[Description of the task]:
Your answer must be only the lines below from the one containing "媒體位于 T1 航站樓到達(dá)層行李廳外排,燈箱自帶高光。周邊環(huán)" through the one containing "Style Direction is", copied exactly, with the pictures left out.

[Records for this task]:
BEGIN
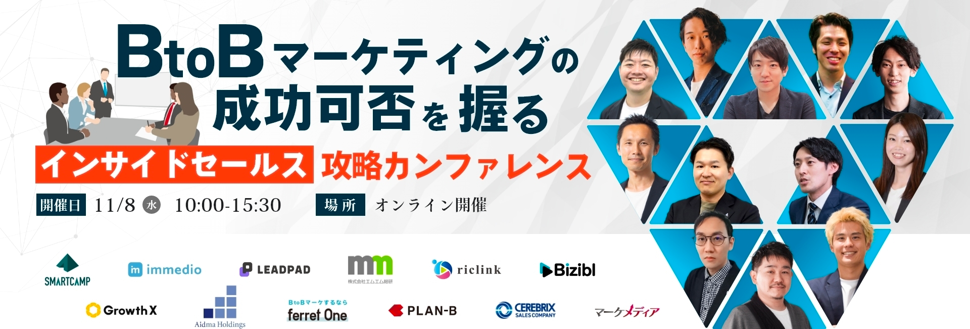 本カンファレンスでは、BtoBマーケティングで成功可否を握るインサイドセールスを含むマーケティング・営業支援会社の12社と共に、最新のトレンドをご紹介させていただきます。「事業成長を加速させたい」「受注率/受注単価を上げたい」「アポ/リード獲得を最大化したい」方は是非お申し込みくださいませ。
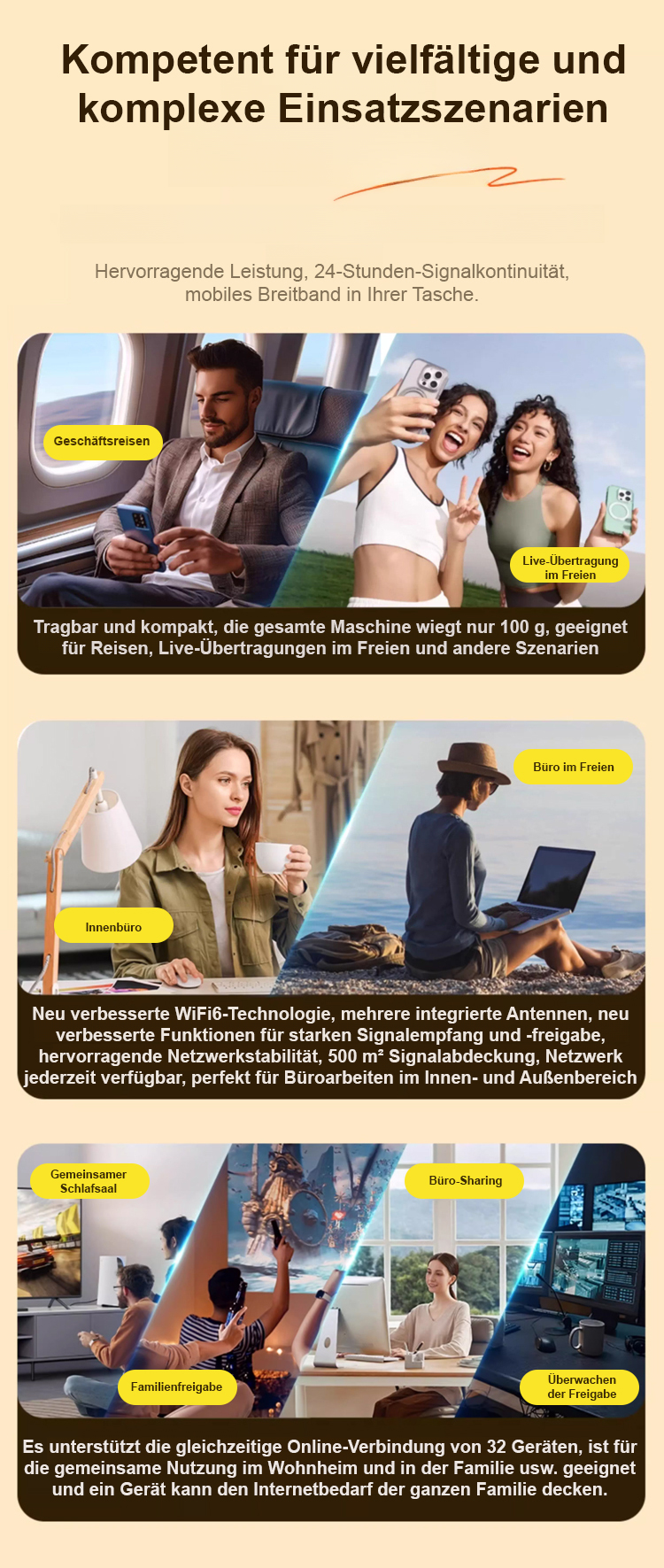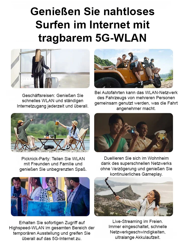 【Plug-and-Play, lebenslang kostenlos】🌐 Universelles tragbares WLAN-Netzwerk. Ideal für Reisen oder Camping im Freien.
END
BEGIN
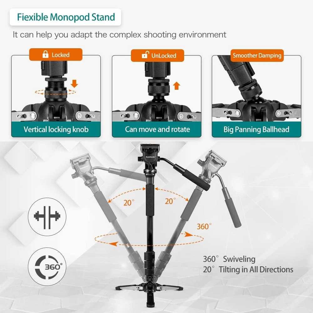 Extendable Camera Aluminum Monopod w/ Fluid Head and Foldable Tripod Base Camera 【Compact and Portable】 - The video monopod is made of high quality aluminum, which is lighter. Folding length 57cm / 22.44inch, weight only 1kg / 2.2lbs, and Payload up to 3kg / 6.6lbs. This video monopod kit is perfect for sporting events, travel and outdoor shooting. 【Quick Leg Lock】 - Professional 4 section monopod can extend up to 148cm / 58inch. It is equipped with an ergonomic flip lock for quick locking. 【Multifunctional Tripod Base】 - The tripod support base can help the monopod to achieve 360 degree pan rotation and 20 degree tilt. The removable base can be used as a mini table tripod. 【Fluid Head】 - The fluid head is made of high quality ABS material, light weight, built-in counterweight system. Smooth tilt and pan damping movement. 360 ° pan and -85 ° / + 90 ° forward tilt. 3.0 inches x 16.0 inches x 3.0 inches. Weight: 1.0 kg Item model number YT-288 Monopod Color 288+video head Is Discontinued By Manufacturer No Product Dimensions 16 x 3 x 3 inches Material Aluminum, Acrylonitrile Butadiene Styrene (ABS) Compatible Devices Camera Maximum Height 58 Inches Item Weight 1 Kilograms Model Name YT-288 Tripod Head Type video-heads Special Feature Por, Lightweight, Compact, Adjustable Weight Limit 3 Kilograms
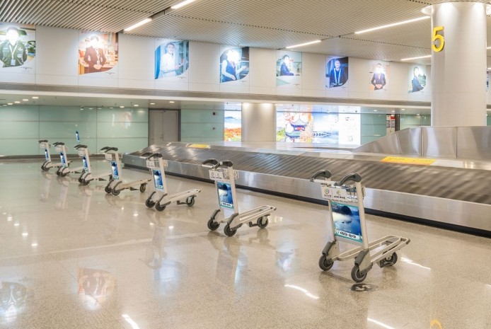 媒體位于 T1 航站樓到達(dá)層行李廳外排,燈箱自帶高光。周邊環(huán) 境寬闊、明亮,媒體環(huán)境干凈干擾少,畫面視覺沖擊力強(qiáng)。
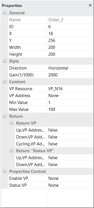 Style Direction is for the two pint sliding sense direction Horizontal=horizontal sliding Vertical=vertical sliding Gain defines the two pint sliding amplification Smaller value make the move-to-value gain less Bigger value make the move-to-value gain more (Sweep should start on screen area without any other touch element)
END
[Problem solution]:
 媒體位于 T1 航站樓到達(dá)層行李廳外排,燈箱自帶高光。周邊環(huán) 境寬闊、明亮,媒體環(huán)境干凈干擾少,畫面視覺沖擊力強(qiáng)。
 Style Direction is for the two pint sliding sense direction Horizontal=horizontal sliding Vertical=vertical sliding Gain defines the two pint sliding amplification Smaller value make the move-to-value gain less Bigger value make the move-to-value gain more (Sweep should start on screen area without any other touch element)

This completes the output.